Старый император пил много вина, курил опиум, доверив дворец и столицу любимой жене, а сыновьям дальние провинции и бесконечные войны. Незаметно для Джахангира наследники выросли и стали интриговать против него. Особенно прытким оказался царевич Мухаммед Хуррам, который к тридцати годам сумел прославиться и как воин, и как архитектор. Он не скрывал своего недовольства всесилием Нур Джахан и в один прекрасный момент, когда падишах заболел, решил устроить переворот. Однако его спонтанная попытка свергнуть отца потерпела неудачу - Джахангир внезапно поправился, могольская знать от узурпатора отвернулась, а войско без денег разбежалось. Пришлось идти попятную - вымаливать у императора прощения. Трудно сказать, почему тогда Джахангир пощадил мятежника? Может быть убоялся прослыть сыноубийцей, а может вспомнил про его талант - архитектора, строителя, способного украсить безликий Кабул изящными куполами и арками. Он, ценитель прекрасного, не смог поднять руку на того, кого Аллах благословил созидать благолепие мирских жилищ. Скорей всего, им двигал политический расчет - опасение того, что громкие семейные разборки спровоцируют смуту по всей стране, и тогда мало никому не покажется.

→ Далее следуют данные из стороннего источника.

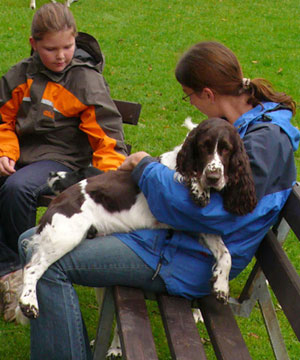 Die Zeit rennt und wir lassen es uns gut gehen. Joy ist vor allen Dingen mit Nahrungssuche und Schlafen beschäftigt. Sie kümmert sich also jetzt schon sehr gut um ihren Nachwuchs :-) Beim Springertreffen am letzten Sonntag hat sie sich von allen Laufspielen und Rempeleien ferngehalten und sich in majestätischer Zurückhaltung geübt. Alle die Joy näher kennen waren erstaunt wie "Schwanger" sie sich jetzt schon gibt. Bei einem Bauchumfang von bereits 65cm ist das aber auch kein Wunder- für das Rennen auf den täglichen Spaziergängen ist es zwar noch komfortabel genug, aber selbst an Obediencetraining ist jetzt nicht mehr zu denken. Heute sind es noch genau 21 Tage bis zum errechneten Geburtstermin- die Spannung steigt, wird Joy wieder pünktlich sein, oder -wie schon mit der Läufigkeit- dieses Mal zu früh?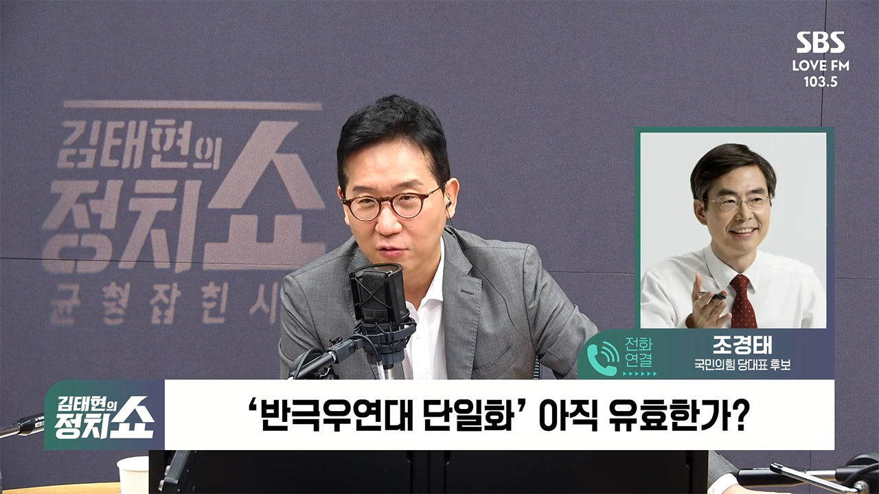 ▶조경태 : 아직까지는 반극우연대 단일화에 대해서 응답은 없으신데요. 항상 문은 열려 있다, 지금도 열려 있다고 보시면 되고요. 언제든지 단일화 방식에 대해서는 어떤 방식이든 저는 수용할 그런 자세가 돼 있거든요. 그래서 우리가 하나의 목소리로 일치단결할 때 혁신적인 그런 후보들이 당권을 잡아야만 당에 그나마 희망이 있다 이렇게 보는 거지요.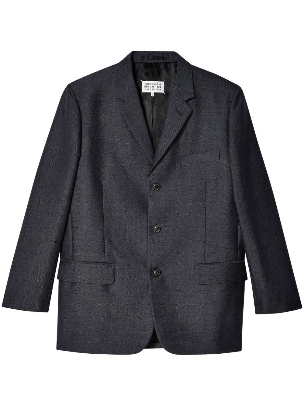 four-stitch blazer Highlights - Charcoal grey - Wool-mohair blend - Front button fastening - Notched lapels - Long sleeves - Buttoned cuffs - Chest welt pocket - Dart detailing - Two front flap pockets - Signature four-stitch logo - Central rear vent - Curved hem Made in Italy Composition Wool 70%, Mohair 30%

За своё помилование Хуррам расплатился годами кочевой жизни. Переезжая с места на место, он громил армии вечных врагов Империи: на западе и севере - персов, на юге – сепаратистов из индуистских королевств Декана, и всюду строил, строил, строил… Балансируя между жизнью и смертью, царевич не падал духом, поскольку подле него всегда была любимая Мумтаз Махал. Он никогда не подвергал её соперничеству с другими женщинами. У него было еще две жены, но с ними он состоял в политическом браке, а не в браке любви.
Почти каждый год в семье царевича рождались дети, но все они были зачаты в лоне несравненной Мумтаз. Придворные буквально терялись в догадках: чем она смогла приворожить харизматичного сына падишаха? Кто-то грешил на магию, кто-то на чудесные зелья-привороты, но истинная правда открылась после смерти Джахангира, когда после короткой дворцовой разборки Хуррам взошёл на трон и стал полагаться не столько на мнение дивана, сколько на интуицию жены.
 
Заметки на полях! Описывая историю отношений Хуррама и Мумтаз, так и хочется вспомнить афоризм великого француза Антуана де Сент-Экзюпери: «Любить - это не значит смотреть друг на друга, любить - это значит смотреть в одном направлении!».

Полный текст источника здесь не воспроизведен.